Was wird es sein, wenn wir Ihn sehen, wie Er ist! Die Jünger frohlockten, als sie den Herrn wiedersahen; und wie viel größer wird unsere Freude sein, wenn wir Ihn schauen, an welchen wir geglaubt, ohne Ihn gesehen zu haben. Die Jünger hatten, als Er zum Vater ging, noch einmal eine Stunde der Trennung durchzumachen; aber wenn wir Ihn sehen, wie Er ist, werden wir uns nimmer wieder von Ihm trennen. Wie glücklich sind doch alle, die Jesu angehören! Eine ewige Freude soll nach dem Willen des Herrn ihr Teil sein. Jetzt schon bereitet der Herr inmitten der Trübsale und sogar mittels der Trübsale eine himmlische Freude in unseren Herzen, wie aber wird es sein, wenn Er droben uns ohne jegliche Trübsal Teil nehmen lässt an dem Vollgenuss einer ewigen Freude! Jetzt schon kann niemand unsere Freude von uns nehmen. Man kann uns hassen; aber das vermehrt nur unsere Freude an Ihm, der uns liebt; man kann uns Böses tun; aber es wird nur zur Folge haben, dass wir uns naher an Jesus klammern, der nur Liebe und Güte für uns in seinem Herzen birgt; man kann uns sogar töten; aber dann tut man im Grund nichts anders, als dass man uns dahin bringt, wo die Freude ohne Störung unser Teil ist. Die Welt mag tun, was sie will; aber unveränderlich bleibt das Wort: „Niemand wird eure Freude von euch nehmen.“
Wenn unsere Herzen Ihn kennen, so gibt es keinen Zweifel, keine Frage mehr; alle Zweifel sind gehoben, alle Fragen sind in Ihm beantwortet. Hat das Herz verstanden, sich auf Ihn zu stützen, dann ist alle Furcht beseitigt; ich vertraue mich Ihm an, ich stütze mich auf Ihn, ich weiß, dass Er für alles sorgen wird. Der, dessen Wille es ist, dass niemand meine Freude von mir nimmt, der ist mir auch genug für alles, was in dieser Welt mir begegnen kann.

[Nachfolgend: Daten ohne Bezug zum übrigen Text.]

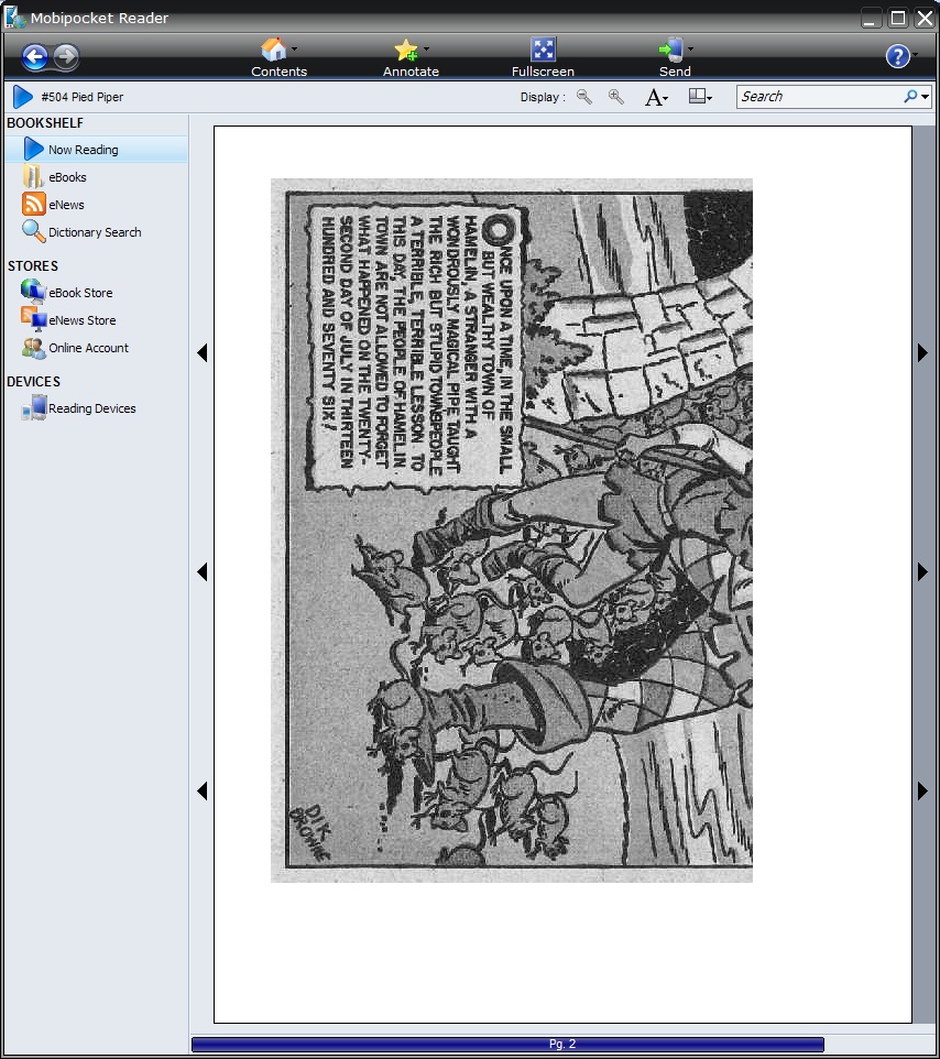Those who want to try a new Comic (CBZ/CBR) to LRF/PRC/HTML/IMP converter may want to try PDFRead 1.8.1 which was just released in the Content forum. Input support for .CBZ/.CBR was recently added in addition to pdf/djvu/tiff/imglist. Output Profiles have been provided for the Sony PRS-500 and PRS-505/Kindle/Cybook Gen 3/iLiad/Generic as well as the EBW1150/REB1200.

Doch dem Herrn ist es nicht genug, mit Ihm in einem so gesegneten Verhältnis zu sein. Durch Ihn treten wir auch mit dem Vater in ein neues Verhältnis seine erste Botschaft, die Er nach seiner Auferstehung an seine Jünger richtete, war: „Ich gehe Hin zu meinem Gott und zu eurem Gott, zu meinem Vater und zu eurem Vater.“ Er hatte den Weg zum Vaterherzen Gottes geöffnet; und schon in unserem Kapitel ermuntert Er die Jünger, in seinem Namen zum Vater zu beten. Bis dahin hatten sie noch nicht im Namen Jesu gebetet; der Herr hatte sie gelehrt, wie sie beten sollten. Jetzt gab Er ihnen eine neue Unterweisung in Betreff des Gebetes. Er hatte von dem Heiligen Geist gesprochen, der sie in alle Wahrheit leiten sollte; und jetzt gab Er ihnen das Recht, in seinem Namen, d. h. in seinem Auftrag sich an den Vater mit ihren Bitten zu wenden.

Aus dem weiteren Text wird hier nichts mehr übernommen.